A sometime businesswoman, pop star, diplomat, and fashion designer whose dyed blonde hair and relatively lax dress sense make her stand out in the traditional country, Karimova's active presence on Twitter and Instagram provided a rare window into the highly secretive former Soviet republic, which her father has ruled with an iron fist since 1989. Though foreign media has been banned for the better part of a decade and internet access is tightly controlled, Karimova styled herself as a Westernized dilettante. She duetted with French actor turned Russian tax exile Gerard Depardieu and hobnobbed with fashion designers like Jimmy Choo at a fashion week she ran in the capital, Tashkent.

Karimova has long been touted as a potential successor to her father and has made little secret of her own desire to become president. She left her position as Uzbekistan's ambassador to the UN in Geneva earlier this year and mounted a tacit presidential campaign, touring the country and expanding her charity, Fund Forum.

Recently, however, the knives have appeared to be out for her. While Uzbekistan is so tightly controlled that almost nobody knows what is going on, reports have trickled out in recent months pointing to a campaign to sideline her. Her media holding company's bank accounts were frozen. Her TV and radio channels went dark. Fund Forum was investigated for tax evasion. Her cousin, Akbarali Abdullayev, was arrested on corruption charges.

Karimova subsequently took to Twitter to protest the moves against her. After her younger sister, Lola, criticized her in a September interview with BBC's Uzbek service, Karimova accused her of being "friends with sorcerers" and using them to turn her mother, Tatiana Karimova, against her. Yesterday she claimed that members of a youth group she runs were arrested for "alleged extremism."

"What's been going on [in her mother's] affairs for the last two years couldn't but put you on edge!" Karimova wrote in her final series of messages.
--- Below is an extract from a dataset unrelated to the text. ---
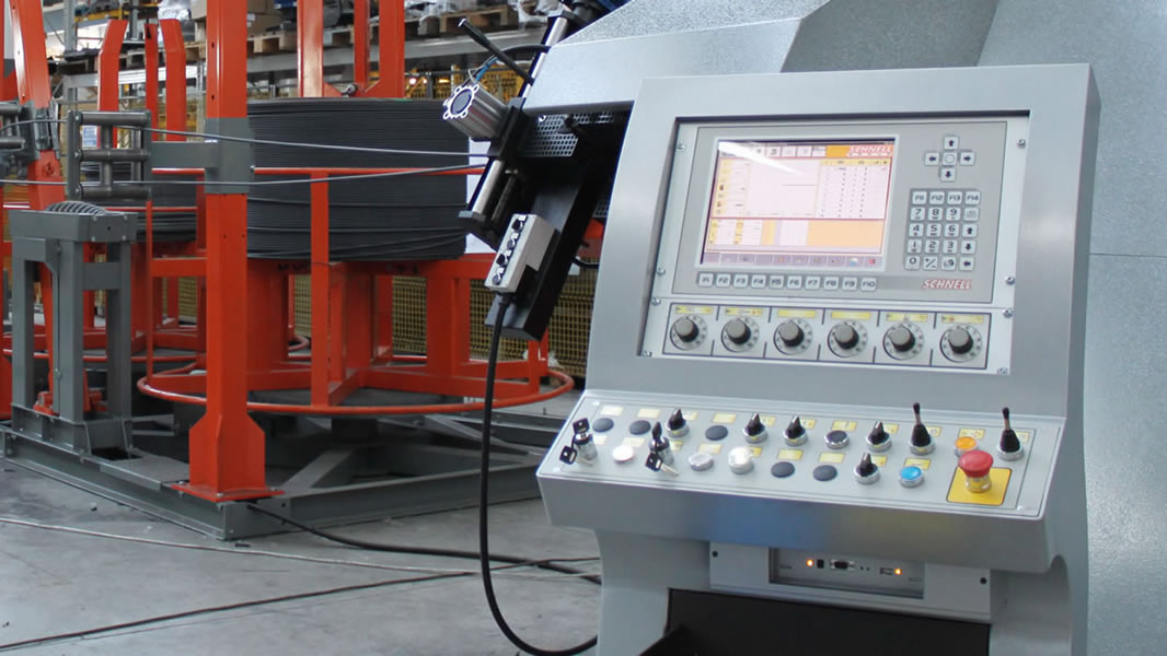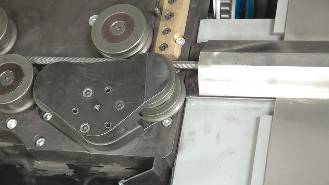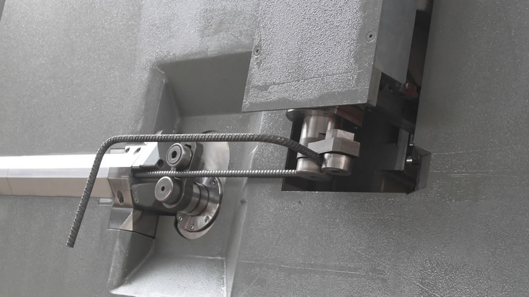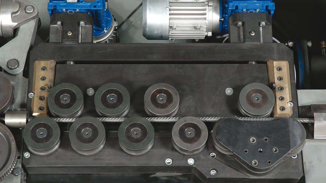 Estribadora automática bidireccional para la elaboración de hierro en rollos, que permite la realización de estribos y barras cortadas a medida utilizando hierro hasta el Ø 14 mm.
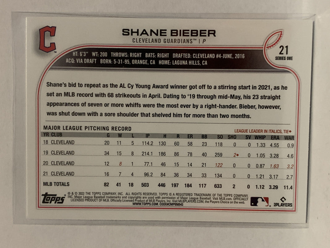 #21 Shane Bieber Cleveland Guardians 2022 Topps Series One Baseball Card MLB

Karimova went on to accuse her mother of illegal business dealings in China, Turkey, and the United Arab Emirates, and said that this had led to the jailing of her cousin, Abdullyaev, believed to control most of the Ferghana Valley region of the country.

"The female half of our family was always uncomfortable with my personal growth," she added, "but it is progressing depending on circumstances and on the people they talk to!"

Karimova herself is the target of multiple money-laundering investigations in Europe and thought to have a harpy-like zeal for seizing businesses in Uzbekistan: a State Department cable published by Wikileaks referred to her as a "robber baron." Some analysts — including a rollicking account from a political scientist thought to be a cipher for the country's notorious secret services — have suggested that the scandal may be a ruse to help her repatriate the Karimov family's illicit wealth. Others, however, doubt that Uzbekistan's notorious secret services, the SNB, are sophisticated enough for such a strategy.

"As the inevitable presidential succession loomed closer over the last couple of years and the Uzbek elite feared Gulnara's ambitions, plans were made to derail her succession attempts," a London-based business consultant who frequently works on Uzbekistan said. "The SNB has been slowly positioning itself to take over the country for several years - a plan was hatched which would not only clip the president's daughters wings and humiliate her but also return much-needed foreign currency to the empty government coffers or the pockets of the elite," she added.